YOUR TASK:
Using the records that appear below, write out exactly the lines from the one with "Black Faux Leather" through the one with "476. Сколько раз: а)", keeping both end lines.

PROVIDED INFORMATION:
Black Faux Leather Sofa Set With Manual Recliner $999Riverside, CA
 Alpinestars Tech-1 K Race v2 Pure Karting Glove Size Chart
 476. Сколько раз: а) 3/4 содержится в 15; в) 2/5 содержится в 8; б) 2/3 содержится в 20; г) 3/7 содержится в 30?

...

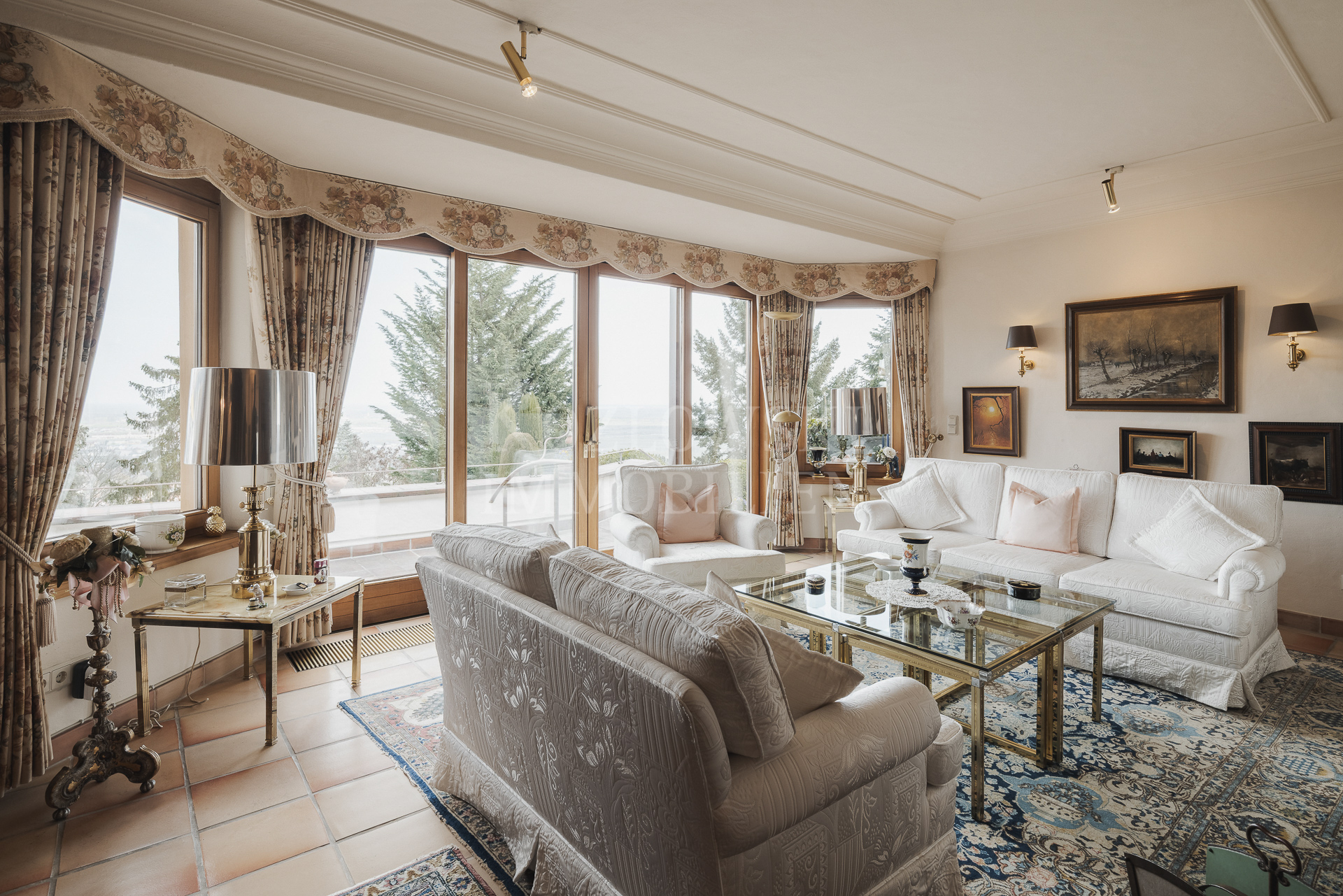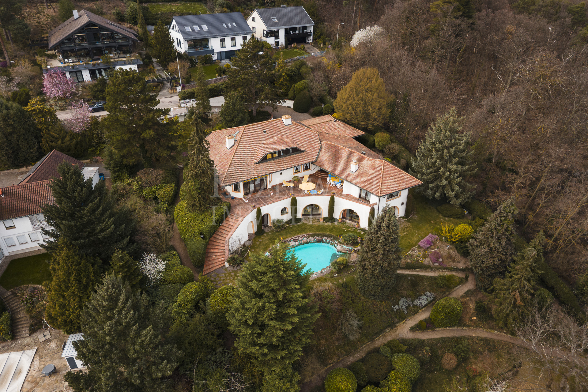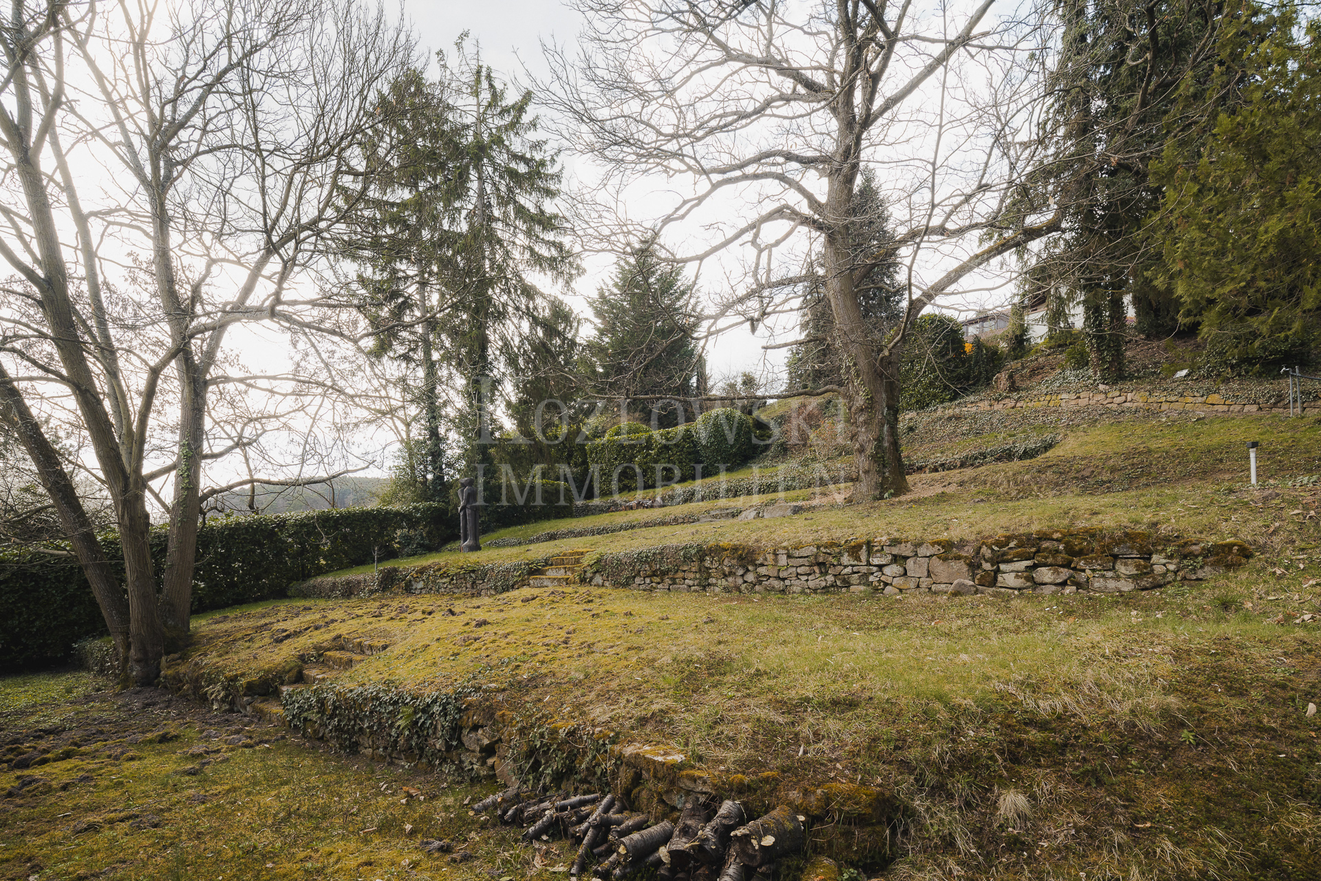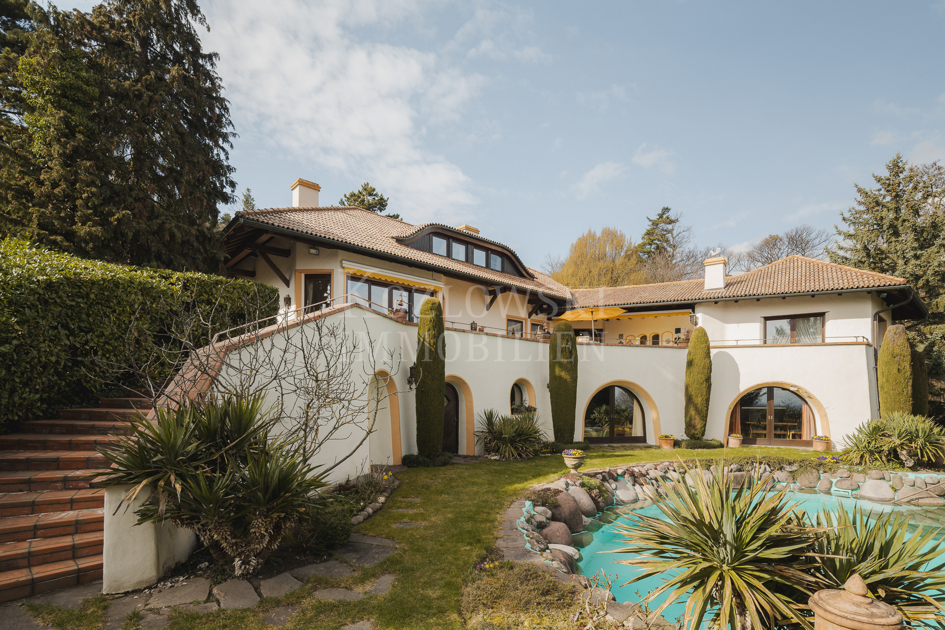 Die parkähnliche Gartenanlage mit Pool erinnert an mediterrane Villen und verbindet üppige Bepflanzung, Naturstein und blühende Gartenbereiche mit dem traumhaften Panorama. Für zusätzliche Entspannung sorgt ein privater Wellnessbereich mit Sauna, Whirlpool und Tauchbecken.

RESPONSE FOR THIS EXERCISE:
Black Faux Leather Sofa Set With Manual Recliner $999Riverside, CA
 Alpinestars Tech-1 K Race v2 Pure Karting Glove Size Chart
 476. Сколько раз: а) 3/4 содержится в 15; в) 2/5 содержится в 8; б) 2/3 содержится в 20; г) 3/7 содержится в 30?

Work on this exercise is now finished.